Although the Serbian President characterized these protests as ultra-rightist, the fact that the left-wing activists were subjected to arrests and police brutality deny that. It is also obvious that Vučić’s addressed his “Western partners” in that “clarification”, given that his regime doesn’t have a problem with ultra-right groups, and controls and uses many of them according to its needs – which was undoubtedly the case at these protests as well.

Through arrests at protests, fines, non-prosecution of physical attacks and violations of activists’ rights, the state is sending a message to people gathered in the Joint Action Roof Over Your Head that it would be better for them to give up. The suffocation of the activism of this collective should be understood as part of a broader trend of the regime’s reckoning with activists and NGOs, but also as part of neoliberal reforms, class stratification and the processes of putting public institutions at the service of private interests – those of the creditors, bailiffs, and, crucially, political parties and individuals in power.

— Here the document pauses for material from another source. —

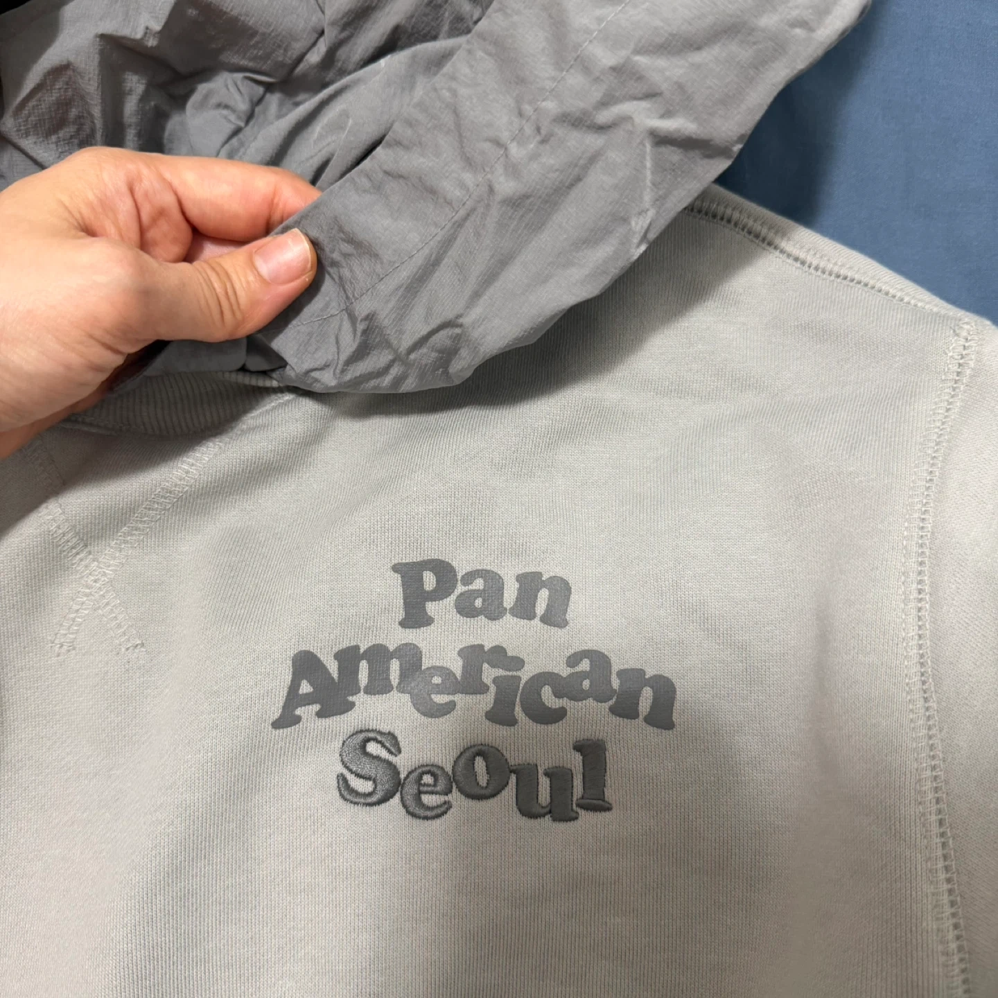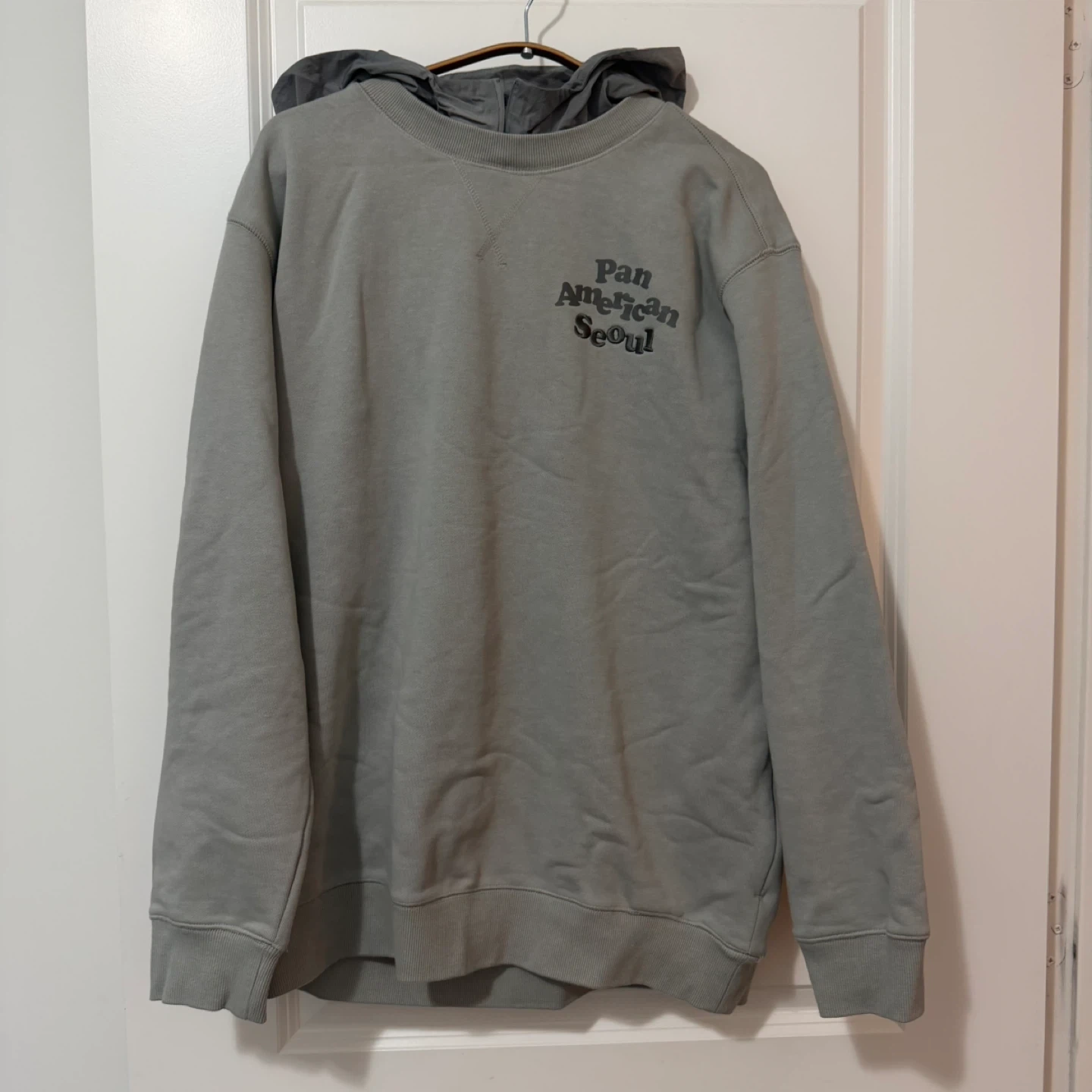 Comfortable grey/khaki sweatshirt with a “Pan American Seoul” graphic on the front.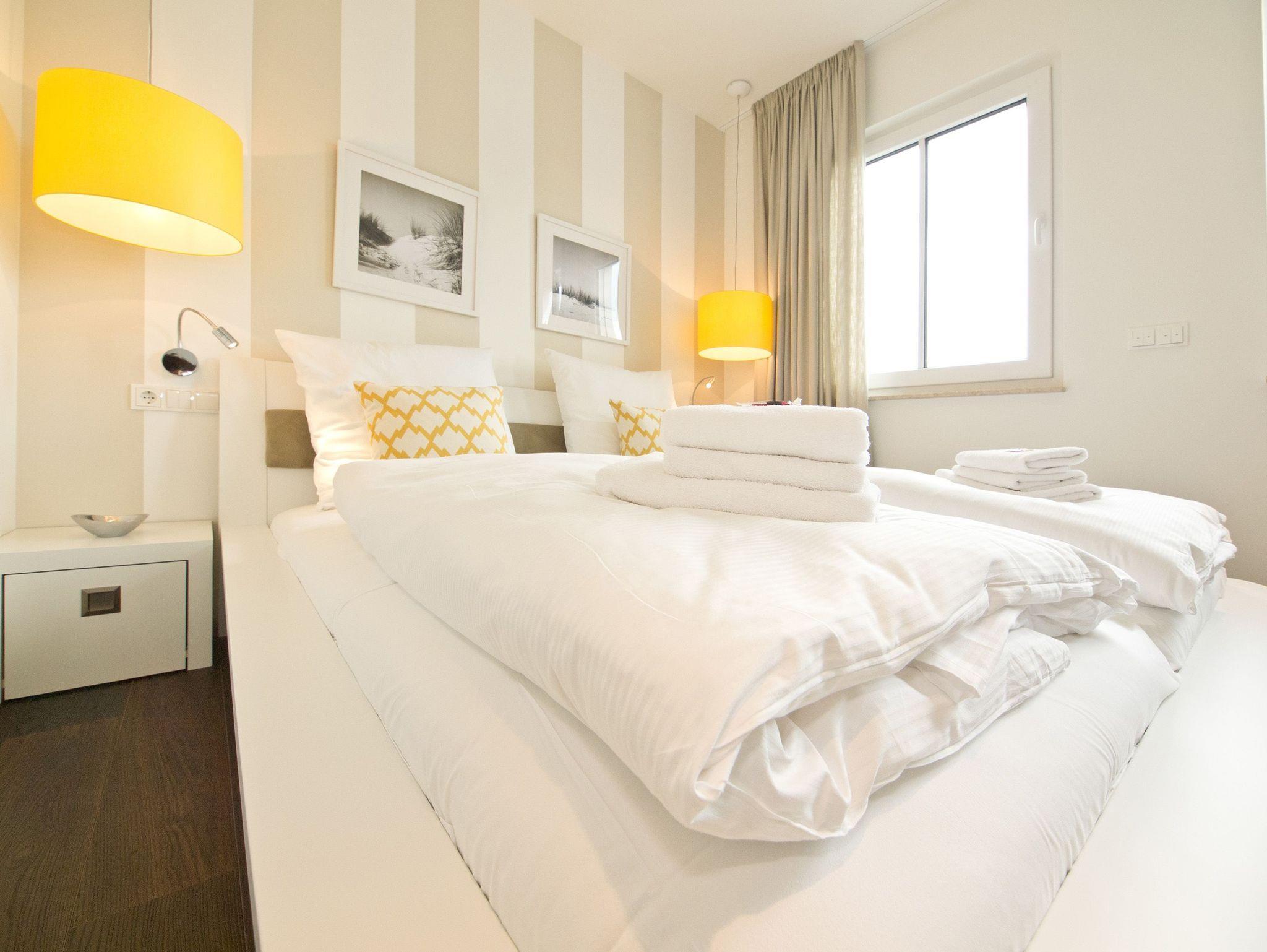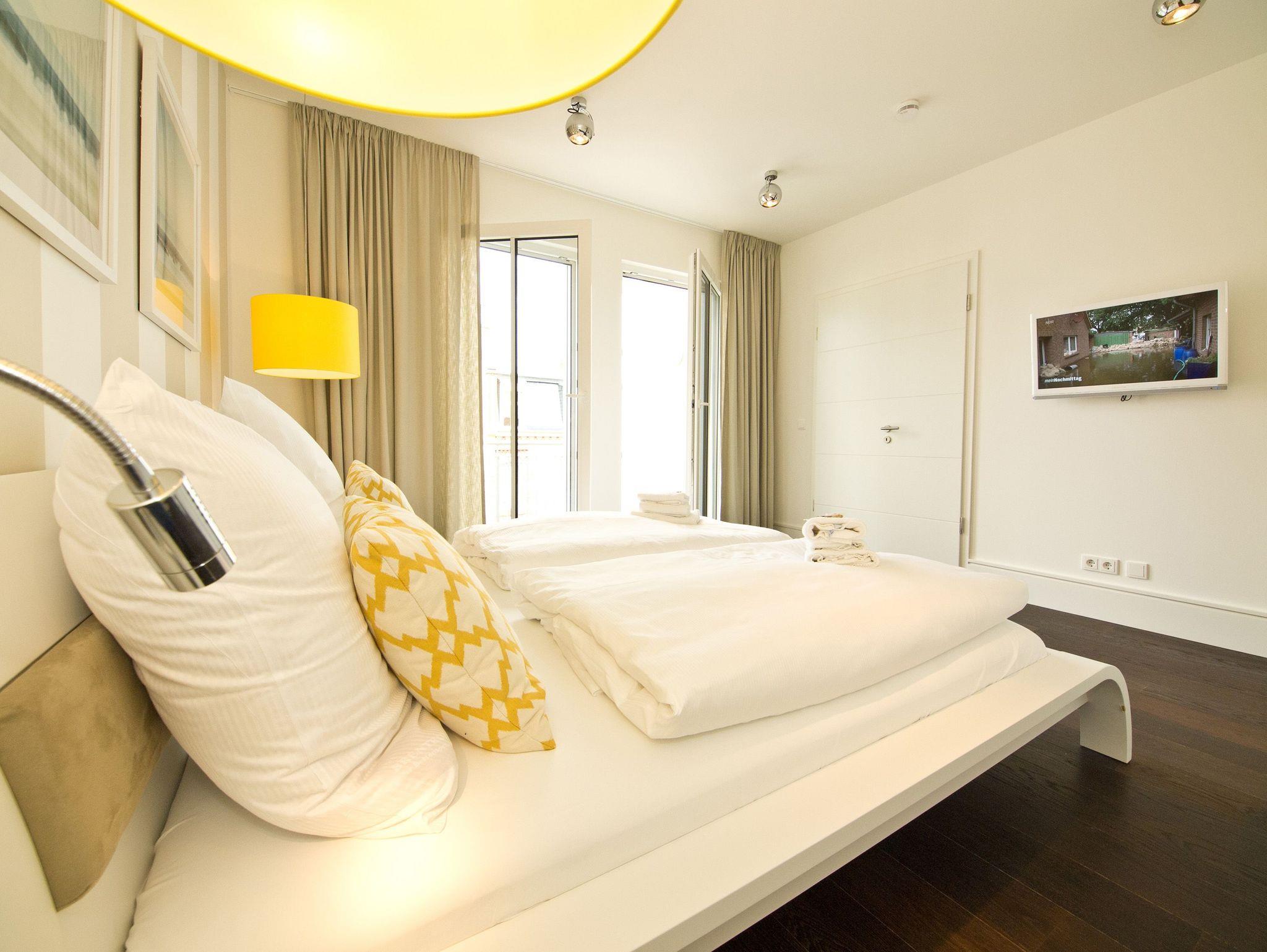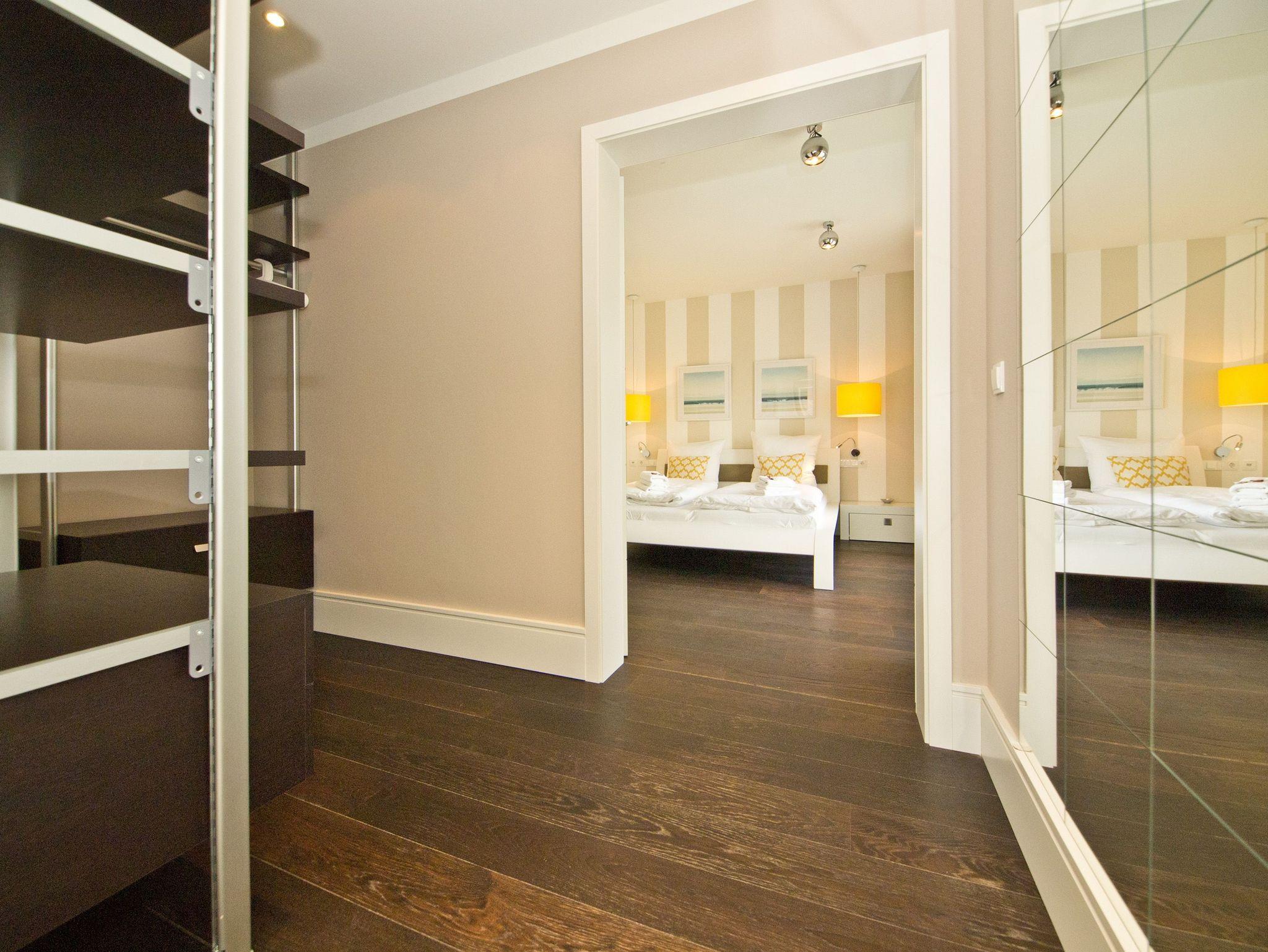 Im 2. Obergeschoss des Dünenpalais trifft modernes Design exklusive Ausstattung! Auf 100 qm wurden hochwertige Einbauten, ein edler dunkler Dielenboden und geschmackvolle Dekorationen von versierter Innenarchitektenhand zusammengestellt und schaffen so eine stylische Wohlfühlatmosphäre für bis zu 4 Personen und 1 Kleinkind (bis 3 Jahre im Kinderreisebett). Der großzügige Wohnbereich mit bequemer Sitzgruppe und Flat-TV schließt sich an die offene Küche mit Essplatz an. Ein besonderes Highlight ist der Gaskamin, der per Fernbedienung ein tolles Ambiente zaubert. Der Masterbedroom (mit Doppelbett 1,80m und Flat-TV) mit Balkon (Nordseite) verfügt über ein eigenes Ankleidezimmer, an das sich das große Bad mit Echtglasdusche [&] WC anschließt. Hier wurde ebenfalls die wohnungseigene Sauna (gegen Gebühr 1,00 Euro pro Stunde) integriert, nicht nur in der kalten Jahreszeit ein Ort zum Relaxen. Das zweite Schlafzimmer ist ebenfalls mit Doppelbett und eigenem Flat-TV ausgestattet, ihm gegenüber liegt das zweite Duschbad. Im Abstellraum kann eine Waschmaschine ( gegen Gebühr) genutzt werden. Ein sonniger Südbalkon mit Strandkorb und Gartenmöbeln rundet das Appartement ab. Für Ihren Komfort steht die Erstausstattung Wäsche für Sie bereit. Auf Wunsch stellen wir ein Kinderreisebett (ohne Matratze [&] Bettzeug) und einen Kinderhochstuhl gegen einen Aufpreis zur Verfügung. Ein PKW-Stellplatz steht Ihnen in der Tiefgarage zur Verfügung.

We have yet to face the consequences of the coronavirus pandemic and the accompanying economic crisis in the months ahead. It is almost certain that a new wave of protests and social revolt will follow in the fall. With that in mind, what happened during the July protests can be interpreted as a kind of warning addressed at the activists and an announcement by the regime that it will not hesitate to use open force.

As the protests in front of the prison showed, after which the activists were released, public pressure and the most massive solidarity with the endangered are the best resistance to repression.